Biopolymer or biological polymer: is intended to mean repeating units of biological or chemical moieties. Representative biopolymers include, but are not limited to, nucleic acids, oligonucleotides, amino acids, proteins, peptides, hormones, oligosaccharides, lipids, glycolipids, lipopolysaccharides, phospholipids, synthetic analogues of the foregoing, including, but not limited to, inverted nucleotides, peptide nucleic acids, Meta-DNA, and combinations of the above. “Biopolymer synthesis” is intended to encompass the synthetic production, both organic and inorganic, of a biopolymer.

Related to a bioploymer is a “biomonomer” which is intended to mean a single unit of biopolymer, or a single unit which is not part of a biopolymer. Thus, for example, a nucleotide is a biomonomer within an oligonucleotide biopolymer, and an amino acid is a biomonomer within a protein or peptide biopolymer; avidin, biotin, antibodies, antibody fragments, etc., for example, are also biomonomers.

Initiation Biomonomer: or “initiator biomonomer” is meant to indicate the first biomonomer which is covalently attached via reactive nucleophiles to the surface of the polymer, or the first biomonomer which is attached to a linker or spacer arm attached to the polymer, the linker or spacer arm being attached to the polymer via reactive nucleophiles.

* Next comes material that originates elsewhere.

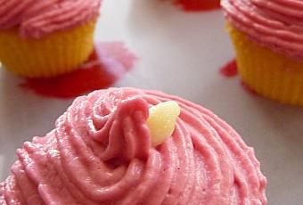 Cette fois, je vous propose un cupcakes au chocolat blanc, avec un glaçage au coulis de framboise. La recette est prévue pour 12 cupcakes.

Complementary: Refers to the hybridization or base pairing between nucleotides or nucleic acids, such as, for instance, between the two strands of a double stranded DNA molecule or between an oligonucleotide primer and a primer binding site on a single stranded nucleic acid to be sequenced or amplified. Complementary nucleotides are, generally, A and T (or A and U), or C and G. Two single stranded RNA or DNA molecules are said to be substantially complementary when the nucleotides of one strand, optimally aligned and compared and with appropriate nucleotide insertions or deletions, pair with at least about 80% of the nucleotides of the other strand, usually at least about 90% to 95%, and more preferably from about 98 to 100%.Alternatively, substantial complementary exists when an RNA or DNA strand will hybridize under selective hybridization conditions to its complement. Typically, selective hybridization will occur when there is at least about 65% complementary over a stretch of at least 14 to 25 nucleotides, preferably at least about 75%, more preferably at least about 90% complementary. See, M. Kanehisa Nucleic Acids Res. 12:203 (1984), incorporated herein by reference.

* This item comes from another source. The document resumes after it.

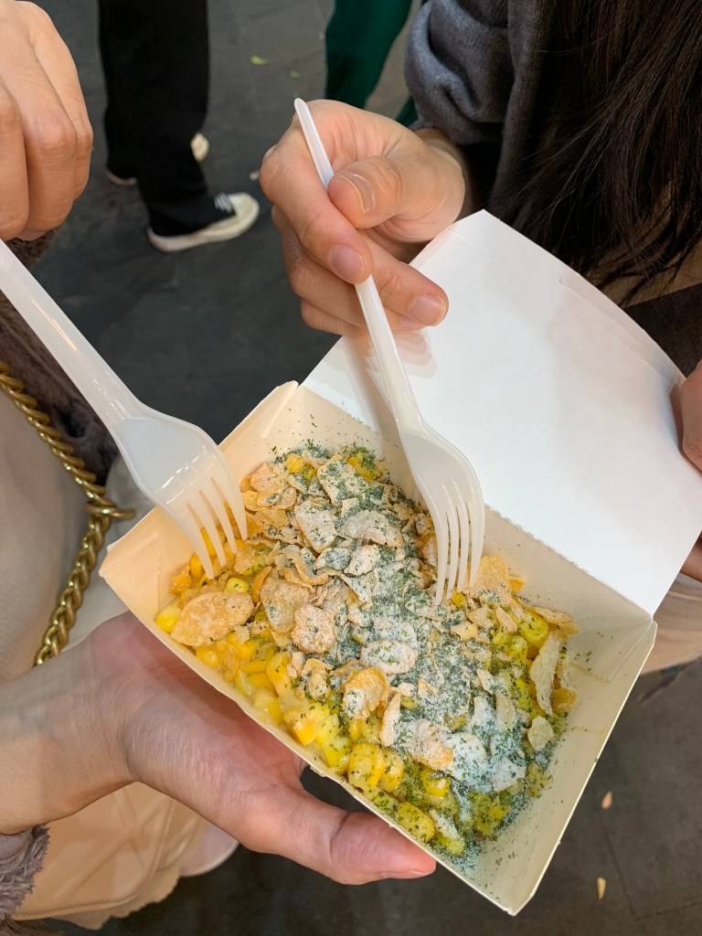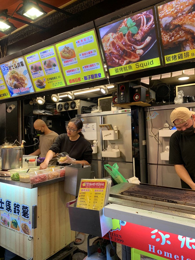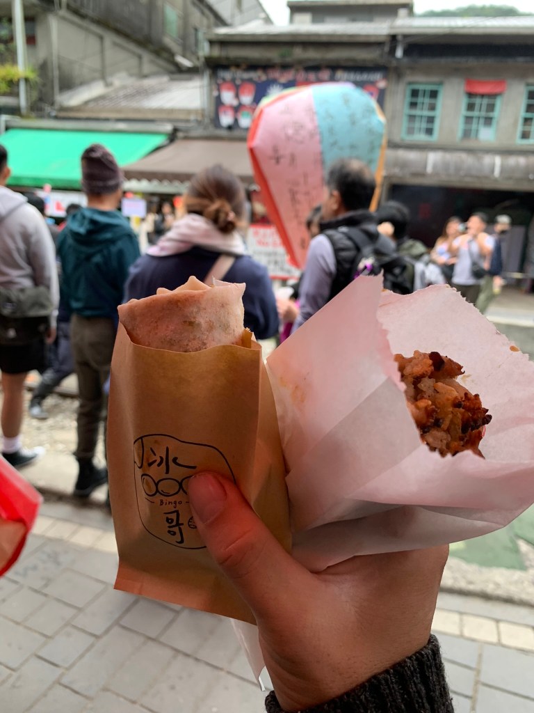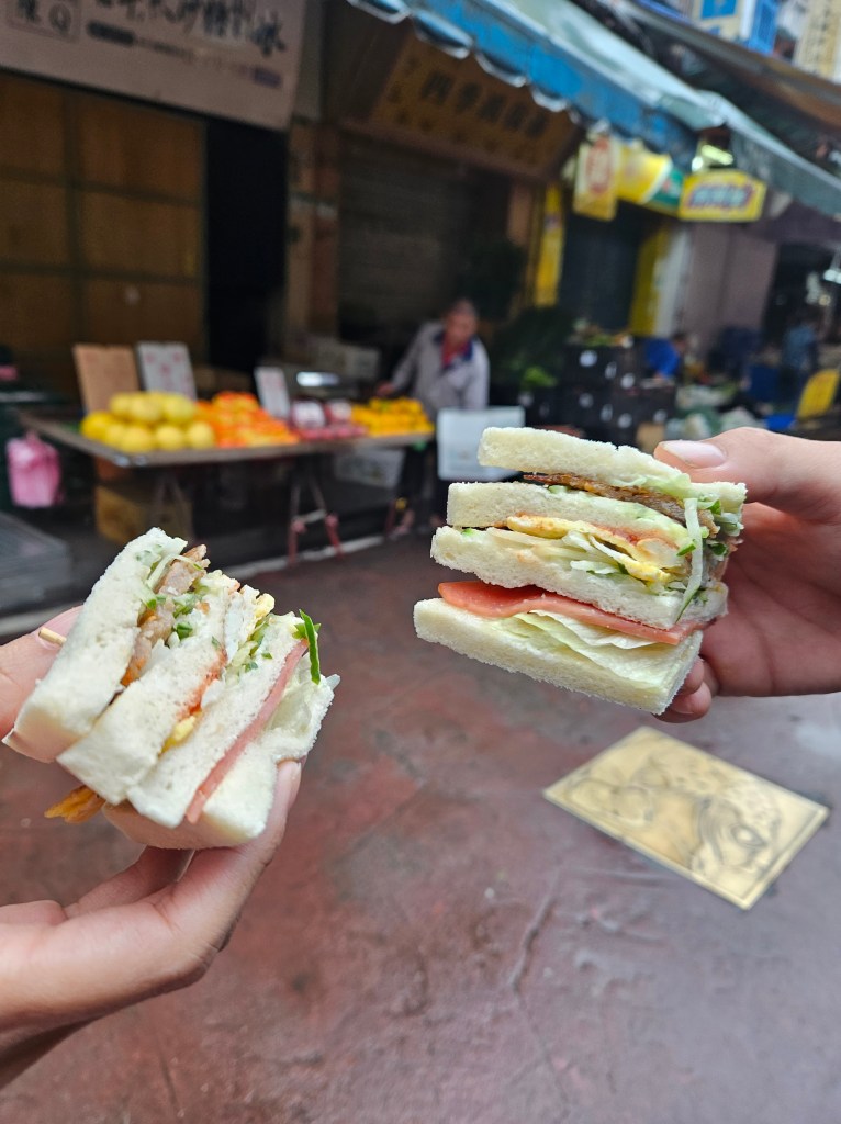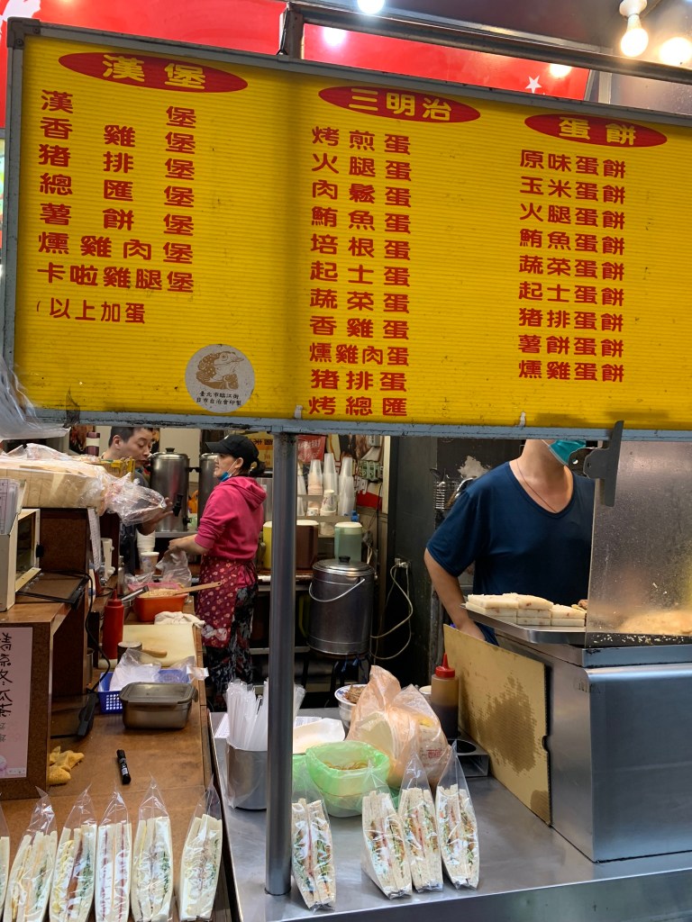 Nhóm cũng ra khỏi nhà lúc 6h50, thời tiết hôm nay lạ lắm: ra ngoài thì cần có dù để che, còn mặt trời thì đi chơi đâu rồi, né đảo Đài Loan cả ngày. Đi khoảng 50m thì có quán bán đồ ăn sáng, nhìn rất hấp dẫn, tấp vào thì toàn nói tiếng Trung, lấy điện thoại mở google translate chế độ hình ảnh, nói thật là không biết gọi món như thế nào. Đang lúng túng thì chị gái đứng bán kế bên hỏi: “Ủa người việt hả?” : “đúng rồi chị”. Xong chỉ quay qua anh kia nói, tụi nó đồng hương tao nè, để tao bán cho. Chỉ bắt đầu nói là món signature ở đây là món sandwich, hamburger và trứng chiên; chỉ nói các món này sẽ khác so với ăn bên Việt Nam lắm.

Combinatorial Synthesis Strategy: A combinatorial synthesis strategy is an ordered strategy for parallel synthesis of diverse polymer sequences by sequential addition of reagents which may be represented by a reactant matrix and a switch matrix, the product of which is a product matrix. A reactant matrix is a 1 column by m row matrix of the building blocks to be added. The switch matrix is all or a subset of the binary numbers, preferably ordered, between 1 and m arranged in columns. A “binary strategy” is one in which at least two successive steps illuminate a portion, often half, of a region of interest on the substrate. In a binary synthesis strategy, all possible compounds which can be formed from an ordered set of reactants are formed. In most preferred embodiments, binary synthesis refers to a synthesis strategy which also factors a previous addition step. For example, a strategy in which a switch matrix for a masking strategy halves regions that were previously illuminated, illuminating about half of the previously illuminated region and protecting the remaining half (while also protecting about half of previously protected regions and illuminating about half of previously protected regions). It will be recognized that binary rounds may be interspersed with non-binary rounds and that only a portion of a substrate may be subjected to a binary scheme. A combinatorial “masking” strategy is a synthesis which uses light or other spatially selective deprotecting or activating agents to remove protecting groups from materials for addition of other materials such as amino acids.

Effective amount refers to an amount sufficient to induce a desired result.

Excitation energy refers to energy used to energize a detectable label for detection, for example illuminating a fluorescent label. Devices for this use include coherent light or non coherent light, such as lasers, UV light, light emitting diodes, an incandescent light source, or any other light or other electromagnetic source of energy having a wavelength in the excitation band of an excitable label, or capable of providing detectable transmitted, reflective, or diffused radiation.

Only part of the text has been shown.